如此,当电子设备的帧率比较稳定时,可以增加电子设备的预设帧率的上限,用以提高显卡的利用率。
又一种示例中,电子设备也可以根据至少一个第一时间段内多个帧率和第二时间段内的多个帧率的均值,确定在第三时间段内电子设备的预设帧率。
S603、当多个帧率的均值与第二预设帧率之间的差值大于或等于预设值时,确定在第三时间段内电子设备的预设帧率为第四预设帧率。
其中,第四预设刷新率为多个预设帧率中小于第二预设帧率。
一种示例中,当多个帧率的均值与第二预设刷新率之间的差值大于预设值,说明电子设备在第二时间段内显卡的图像渲染能力达不到第二预设刷新率。
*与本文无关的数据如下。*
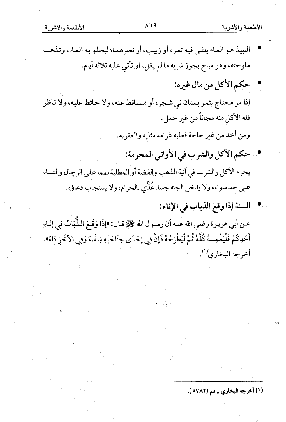 عن أبي هريرة رضي الله عنه أن رسول الله - صلى الله عليه وسلم - قال: «إذَا وَقَعَ الذُّبَابُ فِي إنَاءِ أَحَدِكُمْ فَلْيَغْمِسْهُ كُلَّهُ ثُمَّ لْيَطْرَحْهُ فَإنَّ فِي إحْدَى جَنَاحَيْهِ شِفَاءً وَفِي الآخَرِ دَاءً». أخرجه البخاري (¬1).

因此,电子设备可以继续降低电子设备的预设帧率,并根据降低后的预设帧率,在第三时间段内对图像进行渲染。
又一种示例中,当多个帧率的均值与第二预设刷新率之间的差值大于第一阈值,且小于或等于第二阈值时,电子设备可以继续使用第二预设帧率在第三时间段内渲染图像。第二阈值大于第一阈值。当两者之间的差值大于第一阈值,且小于或等于第二阈值,则说明电子设备的图像渲染能力达不到第二预设帧率,但接近第二预设帧率。电子设备可以根据使用第二预设帧率,在第三时间段内对图像进行渲染,用以最大程度保证GPU的利用率。
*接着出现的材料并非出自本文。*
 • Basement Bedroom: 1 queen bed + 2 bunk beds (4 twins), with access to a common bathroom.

又例如,当多个帧率的均值与第二预设帧率之间的差值大于第二阈值时,电子设备可以根据第四预设帧率在第三时间段对图像进行渲染。
基于图6的技术方案,电子设备在连续多个时间段内图像的刷新率较为稳定时,可以增加预设帧率,如此,后续时间段内可以使用较高的帧率对图进行渲染,最大程度上利用了显卡。
一些实施例中,如图7所示,本申请实施例提供的方法还可以包括S701~S702。
S701、获取在至少一个第一时间段使用电子设备的用户的头部转动速度。
其中,用户的头部转动速度可以是指单位时间内用户的头部旋转角速率。例如,在某一时间段(如0.5秒(s))内用户的头部转动角度为50°,则该时间段内用户的头部转动速度为50/0.5=100°/s。
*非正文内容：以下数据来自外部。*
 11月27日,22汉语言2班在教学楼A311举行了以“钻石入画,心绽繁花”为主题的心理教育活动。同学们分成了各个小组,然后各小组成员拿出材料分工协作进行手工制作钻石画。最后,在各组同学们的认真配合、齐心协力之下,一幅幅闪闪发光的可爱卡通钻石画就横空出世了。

一种可能的实现方式中,电子设备可以设置有一个或多个传感器。该一个或多个传感器可以用于检测用户的头部转动速度。如此,电子设备可以通过该一个或多个传感器获取在第二时间段使用电子设备的用户的头部转动速度。
又一种可能的实现方式中,当电子设备为头戴式设备时,电子设备可以设置有陀螺仪。陀螺仪可以用于获取用户的头部转动速度。如此,电子设备可以用陀螺仪获取在第二时间段使用电子设备的用户的头部转动速度。
一种示例中,电子设备可以获取陀螺仪在多个方向上的线性加速度,并根据各个方向的线性加速度,计算对应的速度分量(也即用户的头部转动速度)。
进一步的,为了更加精准的判断用户的运动状态,电子设备可以获取陀螺仪的多组速度数据。一组速度数据包括各个方向对应的速度分量。对于多组速度数据中的异常数据(如突然增大/减小的一组速度数据),可以删除。如此,可以防止出现跳动现象。
又一种可能的实现方式中,当电子设备为电视或移动设备时,电子设备可以通过相机拍摄第二时间段用户的多帧头部图像,并对该多帧头部图像进行识别,确定用户的头部转动角度。进而,电子设备可以用户的头部转动角度与第二时间段的比值,确定用户的头部转动速度。
S702、根据用户的头部转动速度,确定电子设备在第二时间段内对应的预设分辨率以及对第二预设帧率进行调整。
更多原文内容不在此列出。